Data records
....

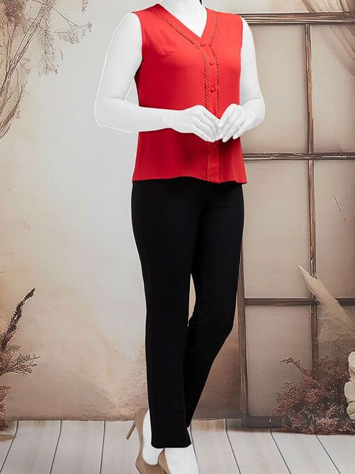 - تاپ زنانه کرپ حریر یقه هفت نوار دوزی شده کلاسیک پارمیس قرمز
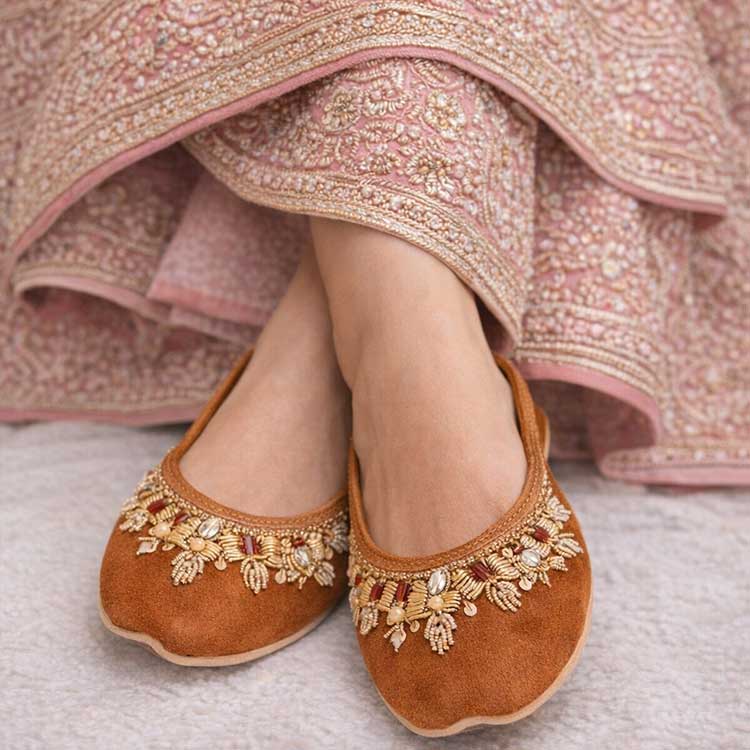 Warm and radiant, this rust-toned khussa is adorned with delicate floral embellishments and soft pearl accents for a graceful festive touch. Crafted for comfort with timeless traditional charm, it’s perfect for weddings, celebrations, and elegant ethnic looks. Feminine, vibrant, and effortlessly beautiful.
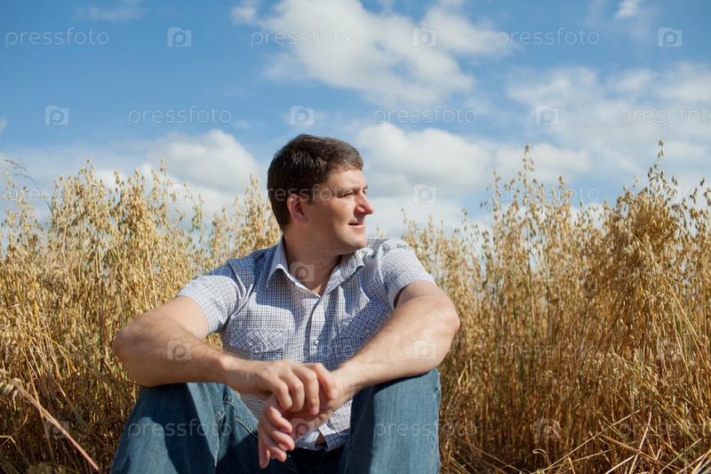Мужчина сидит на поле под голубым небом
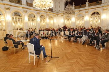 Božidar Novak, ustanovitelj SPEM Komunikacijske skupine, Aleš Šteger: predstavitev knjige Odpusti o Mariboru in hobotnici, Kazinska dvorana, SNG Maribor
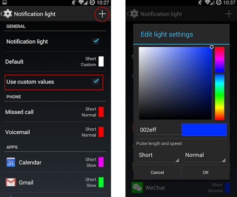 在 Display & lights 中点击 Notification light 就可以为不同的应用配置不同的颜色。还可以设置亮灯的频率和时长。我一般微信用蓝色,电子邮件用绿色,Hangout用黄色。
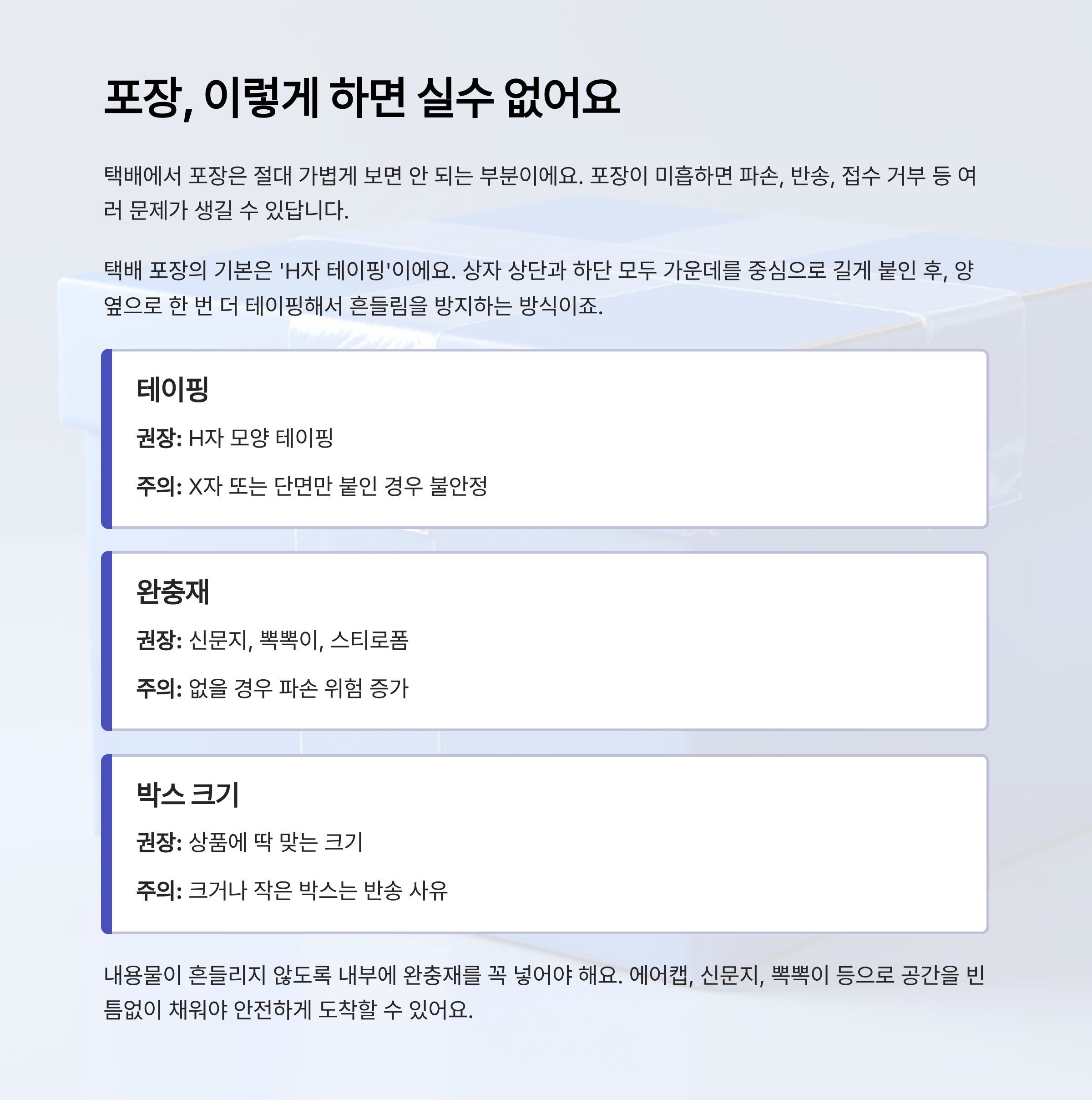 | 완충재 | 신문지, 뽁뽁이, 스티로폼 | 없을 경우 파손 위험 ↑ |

....

Exercise objective — Above are the records. Copy exactly, and only, the lines from the line containing "Warm and radiant, this" through the last one, omitting any pictures.

Response area —
 Warm and radiant, this rust-toned khussa is adorned with delicate floral embellishments and soft pearl accents for a graceful festive touch. Crafted for comfort with timeless traditional charm, it’s perfect for weddings, celebrations, and elegant ethnic looks. Feminine, vibrant, and effortlessly beautiful.
Мужчина сидит на поле под голубым небом
 Božidar Novak, ustanovitelj SPEM Komunikacijske skupine, Aleš Šteger: predstavitev knjige Odpusti o Mariboru in hobotnici, Kazinska dvorana, SNG Maribor
 在 Display & lights 中点击 Notification light 就可以为不同的应用配置不同的颜色。还可以设置亮灯的频率和时长。我一般微信用蓝色,电子邮件用绿色,Hangout用黄色。
 | 완충재 | 신문지, 뽁뽁이, 스티로폼 | 없을 경우 파손 위험 ↑ |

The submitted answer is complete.